27.Language is the fundamental basis of literature. The language is spoken, literary and poetic.

Artistic speech absorbs the most different shapes speech activity. For many centuries, the language of fiction was determined by the rules of rhetoric and oratory. Speech (including written) had to be convincing and impressive; hence the characteristic speech techniques - numerous repetitions, “embellishments”, emotionally charged words, rhetorical(!) questions, etc. Authors competed in eloquence, stylistics were determined by increasingly strict rules, and literary works themselves were often filled with sacred meaning (especially in the Middle Ages). As a result, to XVII century(the era of classicism) literature turned out to be accessible and understandable to a rather narrow circle educated people. Therefore, since the 17th century, all European culture evolves from complexity to simplicity. V.G. Belinsky calls rhetoric “false idealization of life.” Elements penetrate into the language of literature colloquial speech. Creativity of A.S. Pushkin in this regard is, as it were, at the borderline of two traditions of speech culture. His works are often a fusion of rhetorical and colloquial speech (a classic example is the introduction to “ To the stationmaster"is written in an oratorical style, and the story itself is stylistically quite simple).

Colloquial speech connected, first of all, with the communication of people in their privacy, therefore it is simple and free from regulation. In the XIX – XX centuries. Literature in general is perceived by writers and scientists as a unique form of conversation between the author and the reader; it is not without reason that the address “my dear reader” is associated primarily with this era. Artistic speech often also includes written forms of non-artistic speech (for example, diaries or memoirs); it easily allows deviations from the linguistic norm and carries out innovations in the field of speech activity (let us recall, for example, the word creation of Russian futurists).

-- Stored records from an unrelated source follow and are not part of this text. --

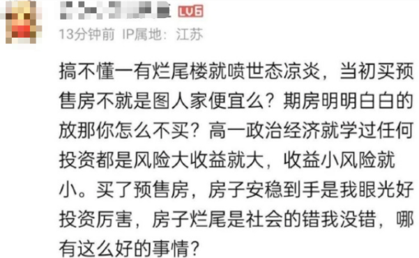 “活该,谁叫他们没有金融知识,经济条件这么差还敢买房。”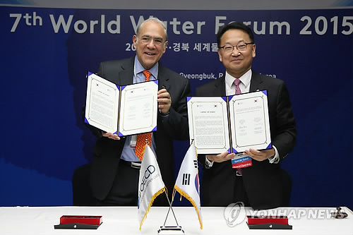 | △ 국토부, OECD와 물관리 정책 공동연구 추진 (서울=연합뉴스) 유일호 국토교통부 장관(오른쪽)과 앙헬 구리아 경제협력개발기구(OECD) 사무총장이 지난 12일 대구 엑스코에서 OECD 회원국들의 물 수요 관리정책을 비교, 국내 실정에 맞는 정책 시사점을 찾아내는 공동연구를 진행하기 위한 협력의향서를 체결하고 있다. << 국토교통부 제공 >> photo@yna.co.kr |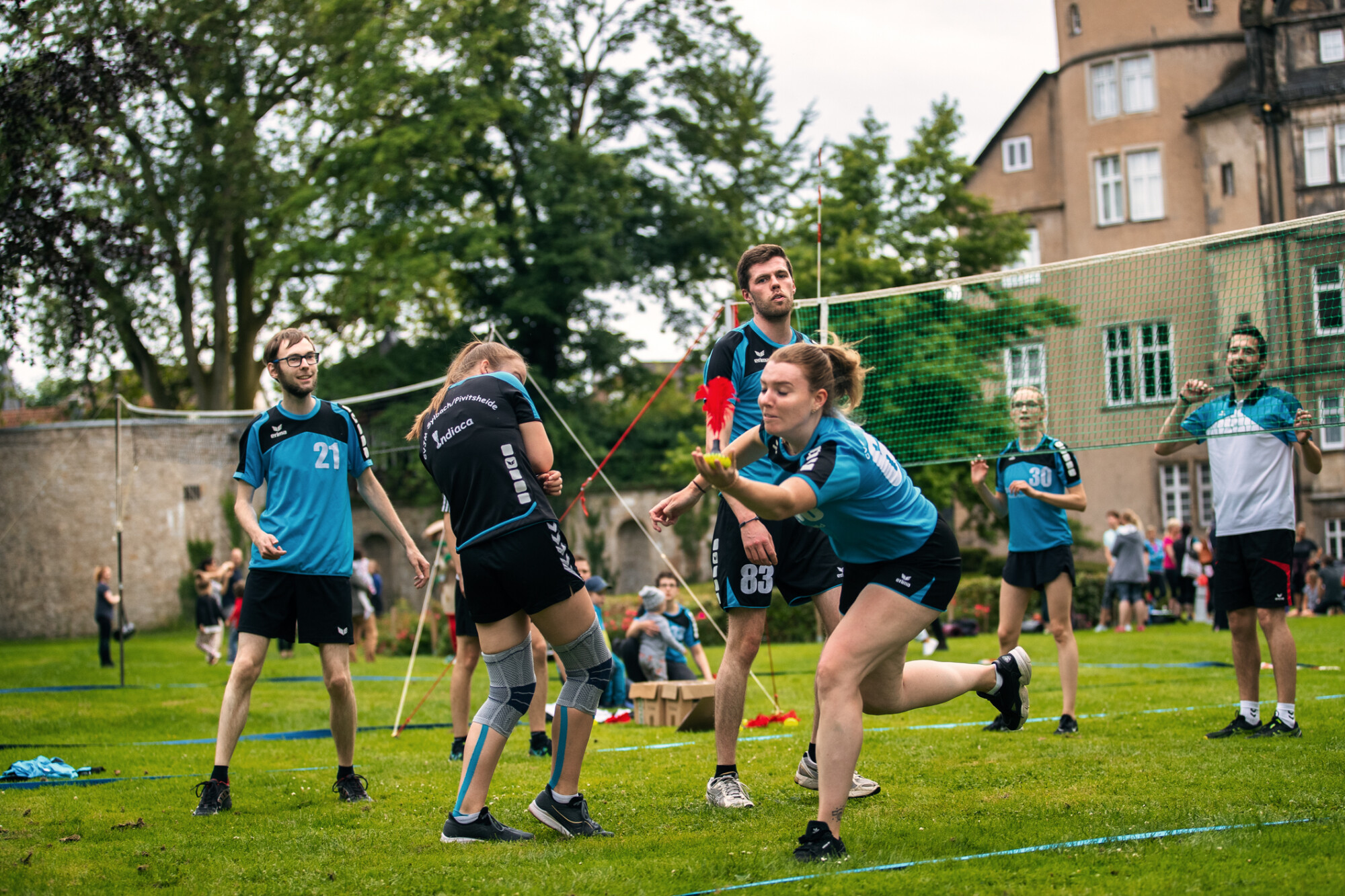 Unter freiem Himmel, unter fachkundiger Anleitung, miteinander und überdies noch kostenfrei und ohne Anmeldung: Die Veranstaltungsreihe „Sport im Park“ wird auch in diesem Sommer wieder viele begeisterte Anhänger finden. Das Foto aus dem vergangenen Jahr zeigt die Indiaca-Gruppe des CVJM Pivitsheide. Foto: Stadt Detmold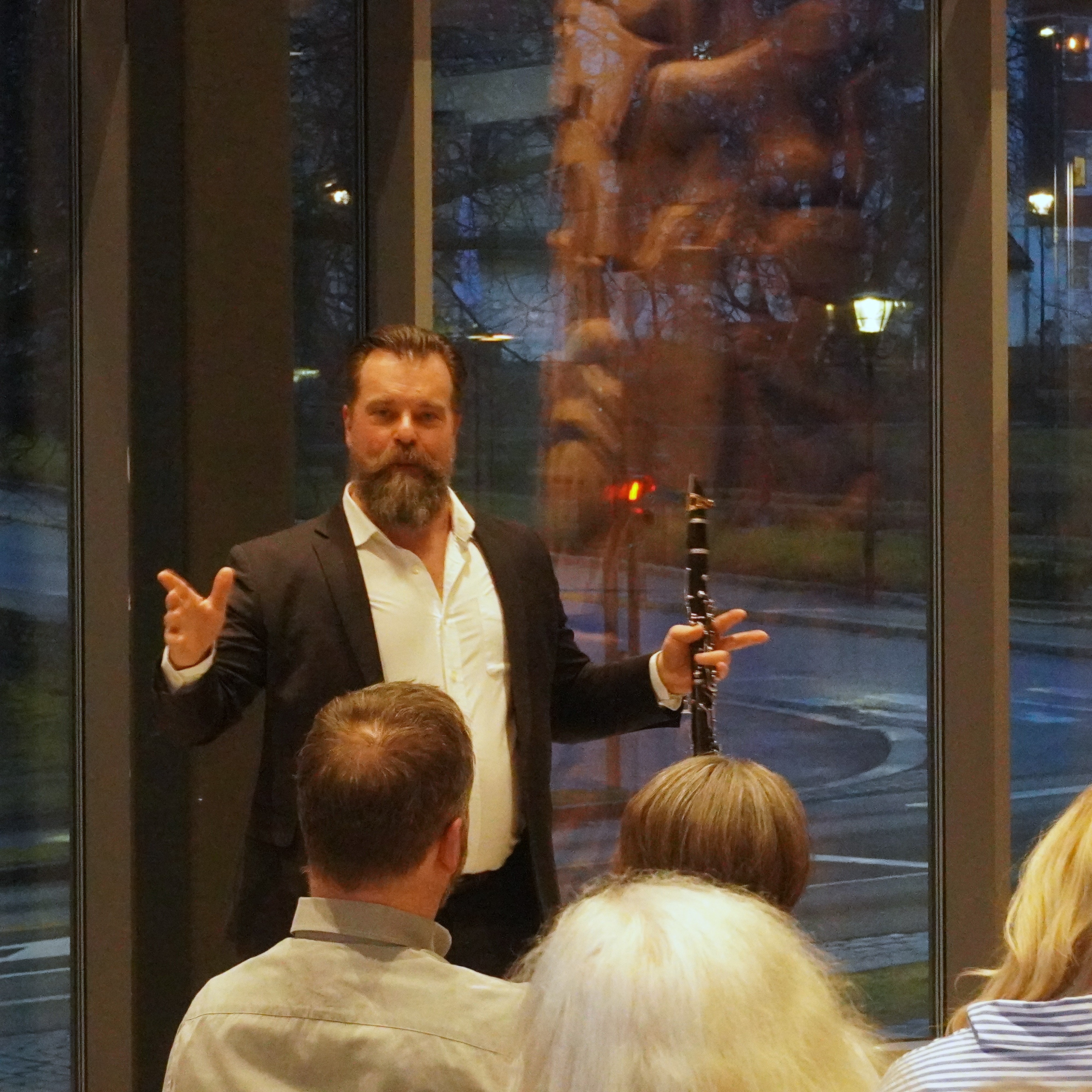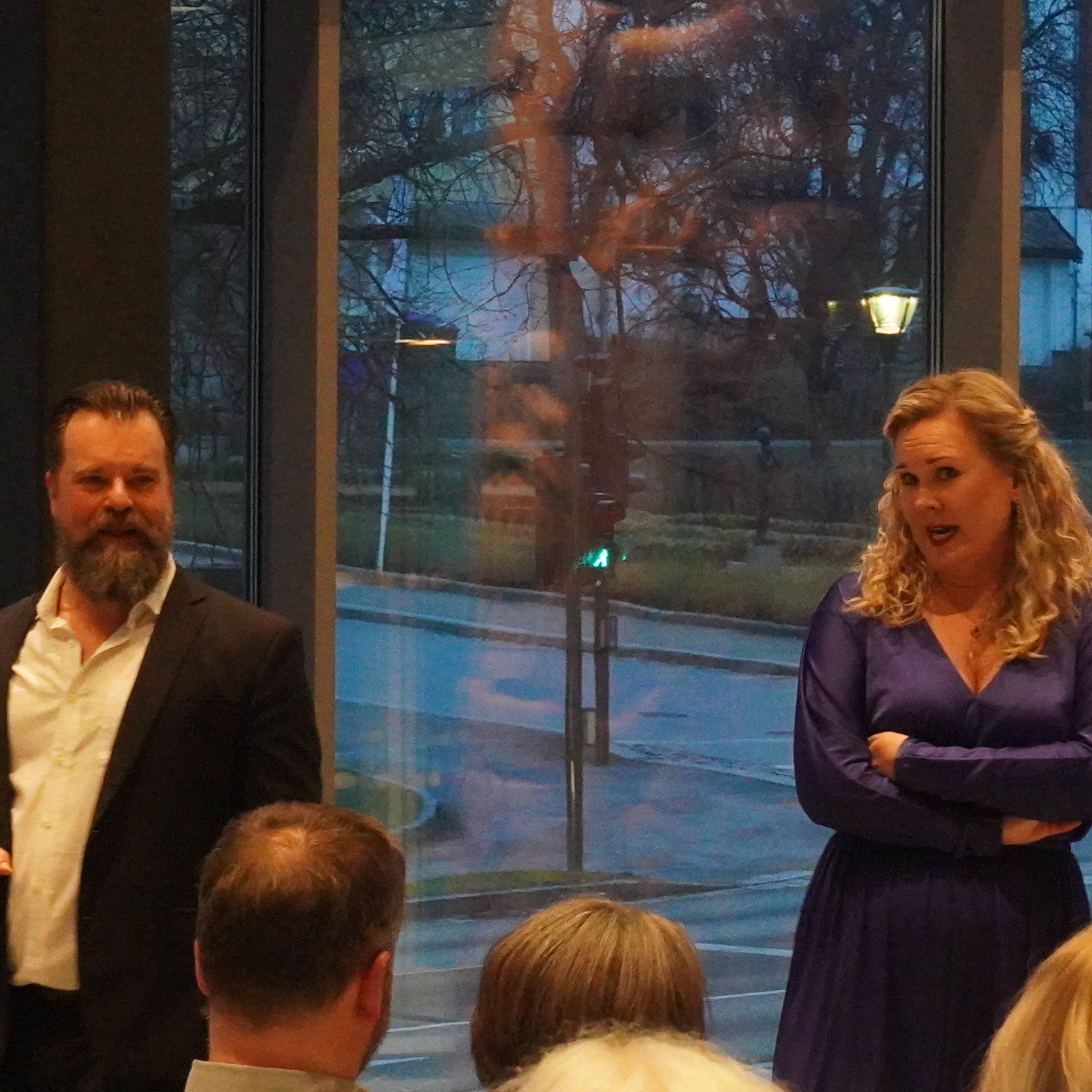 Stina presenterte deretter «Rosalkas sang til månen» på tsjekkisk, før Trond grep klarinetten og tok oss med inn i Spellemann på taket. Kvelden ble videre beriket med en blanding av opera på italiensk og folk og røvere på klingende «Egnersk».

Today in works of art you can find the most modern forms speech activity - SMS quotes, excerpts from emails and much more. Moreover, they are often mixed different types arts: literature and painting/architecture (for example, the text itself fits into a certain geometric figure), literature and music (a soundtrack is indicated for the work - a phenomenon undoubtedly borrowed from the live journal culture), etc.

Features of the language of fiction.

Language, of course, is inherent not only literary creativity, it covers all aspects of the surrounding reality, so we will try to determine those specific features language, which make it a means of artistic reflection of reality.

Cognition function and communication function- two main, closely related aspects of language. In progress historical development a word can change its original meaning, so much so that we begin to use some words in meanings that contradict them: for example, red ink (from the word black, to turn black) or a cut piece (to break off), etc. These examples suggest that the creation of a word is the knowledge of a phenomenon; language reflects the work of human thought, various aspects of life, and historical phenomena. It is estimated that there are about 90 thousand words in modern usage. Each word has its own stylistic coloring (for example: neutral, colloquial, vernacular) and history, and, in addition, the word acquires additional meaning from the words surrounding it (context). An unfortunate example in this sense was given by Admiral Shishkov: “Carried by fast horses, the knight suddenly fell from his chariot and left his face bloody.” The phrase is funny because words of different emotional connotations are combined.

The task of selecting certain speech means for a work is quite complex. This selection is usually motivated figurative system underlying the work. Speech is one of important characteristics characters and the author himself.

The language of fiction contains a huge aesthetic principle, so the author of a work of fiction not only generalizes linguistic experience, but also to some extent determines the speech norm and is the creator of language.

The language of a work of art. Fiction is a set of literary works, each of which represents an independent whole. A literary work that exists as a completed text, written in one language or another (Russian, French) is the result of the writer’s creativity. Usually the work has a title; in lyric poems, its functions are often performed by the first line. The centuries-old tradition of the external design of the text emphasizes the special significance of the title of the work: during manuscript writing, and after the invention of printing. Diverse works: typological properties on the basis of which a work is classified as a specific literary genre (epic, lyric, drama, etc.); genre (story, short story, comedy, tragedy, poem); aesthetic category or mode of art (sublime, romantic); rhythmic organization of speech (verse, prose); stylistic dominance (life-likeness, conventionality, plot); literary trends(symbolism and acmeism).

Any literary creation is an artistic whole. Such a whole can be not only one work (poem, story, novel...), but also a literary cycle, that is, a group of poetic or prose works, united common hero, general ideas, problems, etc., even a common place of action (for example, the cycle of stories by N. Gogol “Evenings on a Farm near Dikanka”, “Belkin’s Tale” by A. Pushkin; the novel by M. Lermontov “A Hero of Our Time” - also a cycle of individual short stories united by a common hero - Pechorin). Any artistic whole is, in essence, a single creative organism that has its own special structure. As in the human body, in which all independent organs are inextricably linked with each other, in a literary work all elements are also independent and interconnected. The system of these elements and the principles of their interrelation are called COMPOSITION:

COMPOSITION (from Latin Сompositio, composition, composition) - construction, structure of a work of art: selection and sequence of elements and visual techniques of the work, creating an artistic whole in accordance with the author's intention.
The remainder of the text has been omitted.